In a Tuesday interview, he said the Network was “at the heart of our strategy to help our clients grow,” connecting those “multiple constituencies,” including advisors, broker-dealers, plan sponsors, participants, asset managers and third-party recordkeepers. The Network will give RIAs and broker-dealers the tools and resources to provide everything from creating proposals for plan sponsors to viewing plan investments, conducting investment reviews, facilitating IRA rollovers, selecting recordkeepers and accessing plan sponsor and participant education materials.

Other than the custody charge for each plan and charges for some premium tools around coaching and investment analytics, there will be no separate charges for the Network’s offerings, which will include “dynamic dashboarding.” 

Cirrotti said there are four main focuses of the initiative.

First is an expansion of Pershing’s network of recordkeepers to work with plan sponsors and advisors. At its launch, the Network includes six recordkeepers — Allen, Gibbs & Houlik L.C., Aspire Financial Service, Benefit Consultants Group, DailyAccess Corp., July Business Services and Sentinel Benefits & Financial Group — but Cirrotti said Pershing is “already in conversations with additional national and regional” recordkeepers to join the network.

The second focus is the of range tools accessible through the network — including those mentioned above along with practice management solutions to help advisors start and grow their DC businesses. Cirrotti also promised that “we’ll look at best-of-breed tools” to add to the network through 2015.
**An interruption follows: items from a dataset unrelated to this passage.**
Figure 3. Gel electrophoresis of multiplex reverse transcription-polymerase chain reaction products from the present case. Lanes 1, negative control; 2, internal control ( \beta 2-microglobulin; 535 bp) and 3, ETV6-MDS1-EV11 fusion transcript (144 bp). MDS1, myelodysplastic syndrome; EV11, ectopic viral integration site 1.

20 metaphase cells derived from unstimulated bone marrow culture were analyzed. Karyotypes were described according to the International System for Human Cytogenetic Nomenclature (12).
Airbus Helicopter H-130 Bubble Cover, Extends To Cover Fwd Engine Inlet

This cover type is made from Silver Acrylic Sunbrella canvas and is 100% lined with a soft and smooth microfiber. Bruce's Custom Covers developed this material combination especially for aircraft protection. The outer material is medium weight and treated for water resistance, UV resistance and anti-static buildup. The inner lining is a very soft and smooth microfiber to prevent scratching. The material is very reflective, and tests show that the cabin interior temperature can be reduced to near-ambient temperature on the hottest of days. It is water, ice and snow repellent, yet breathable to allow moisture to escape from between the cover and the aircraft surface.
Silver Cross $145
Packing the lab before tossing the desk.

The third focus is to provide retirement plan participant data to advisors. While “not all advisors offer services to individual participants,” he said, “we want to help them know the participants in the plan, building a participant view for advisors, especially around the rollover” opportunity for those advisors.

The final focus is to provide the fiduciary services necessary in advising plans so “advisors can have a turnkey solution” that includes investment models and fund selection, in providing ERISA 3(21) and 3(38) services to plan sponsors. 
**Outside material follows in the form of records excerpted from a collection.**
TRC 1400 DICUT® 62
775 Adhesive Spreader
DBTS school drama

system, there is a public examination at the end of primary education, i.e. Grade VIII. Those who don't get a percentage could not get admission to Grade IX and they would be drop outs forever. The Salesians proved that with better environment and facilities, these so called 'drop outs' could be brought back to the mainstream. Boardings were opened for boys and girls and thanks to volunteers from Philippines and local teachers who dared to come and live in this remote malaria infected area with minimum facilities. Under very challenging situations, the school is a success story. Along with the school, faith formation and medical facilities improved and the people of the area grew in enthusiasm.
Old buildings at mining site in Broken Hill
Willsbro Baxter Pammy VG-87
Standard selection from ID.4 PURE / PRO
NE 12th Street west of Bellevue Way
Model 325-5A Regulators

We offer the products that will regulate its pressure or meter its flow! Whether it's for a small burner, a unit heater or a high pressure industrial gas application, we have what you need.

Cirrotti said Pershing will provide advisors with the “ability to expose” potential DC plan advising opportunities through NetX360 and then deliver services to take advantage of those opportunities “in an integrated manner,” including determining where the plan’s investments are and monitoring and reporting on those investments “through the life cycle of prospecting and serving” plan sponsors and participants. 
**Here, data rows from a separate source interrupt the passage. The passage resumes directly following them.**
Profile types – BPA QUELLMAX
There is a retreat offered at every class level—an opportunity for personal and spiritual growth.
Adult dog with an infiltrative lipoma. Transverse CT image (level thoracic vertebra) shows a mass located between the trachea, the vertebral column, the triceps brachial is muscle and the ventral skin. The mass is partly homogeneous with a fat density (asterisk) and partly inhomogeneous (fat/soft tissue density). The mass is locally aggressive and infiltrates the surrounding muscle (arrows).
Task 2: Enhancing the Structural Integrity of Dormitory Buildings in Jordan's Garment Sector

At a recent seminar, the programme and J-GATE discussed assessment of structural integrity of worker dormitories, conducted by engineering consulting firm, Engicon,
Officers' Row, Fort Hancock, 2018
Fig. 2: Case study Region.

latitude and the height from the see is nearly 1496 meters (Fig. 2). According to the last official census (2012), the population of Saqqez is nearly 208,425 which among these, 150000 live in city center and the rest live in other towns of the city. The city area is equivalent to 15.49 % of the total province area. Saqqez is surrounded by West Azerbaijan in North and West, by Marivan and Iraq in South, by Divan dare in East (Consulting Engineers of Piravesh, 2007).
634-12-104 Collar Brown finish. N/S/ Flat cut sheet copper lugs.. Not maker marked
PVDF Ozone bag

“The DC market continues to grow, fueling the rollover market” for both broker-dealers and RIAs, he said, who constitute “our greatest strength and areas of focus.”  From a broker-dealer’s perspective, the Network will also provide the “support structures” that will allow BD reps “to get into the business” and for the BDs themselves to “oversee the business with a greater level of oversight” while providing efficiencies through the use of a single platform. 

Noting that the “evolution of target-date funds is important and has simplified auto-enrollment,” those funds have also “stepped in front of advisors and their ability to customize.” Cirrotti said that “what’s starting to occur is that advisors are looking to bring more value to the process beyond packaged allocations.”  

So the Network will provide access through NetX360 to an integrated, open-architecture investment platform providing advisors with the ability to manage their own investment models or access third-party asset managers, which might be appealing to advisors new to the retirement plan space or to broker-dealers who wish to limit the options available to their reps. On the investment platform will be mutual funds, stable value funds and ETFs using managed models. 

When asked about the genesis of the offering, Cirrotti said it was “definitely driven by client interest,” including the growing trend of “advisor teams out of the wirehouses” who decided to go the independent route. In many of those teams, “there’d be one or two advisors specializing in retirement plans,” while regulatory pressure on BDs to “increase transparency and control over advisors” led them to seek Pershing’s help.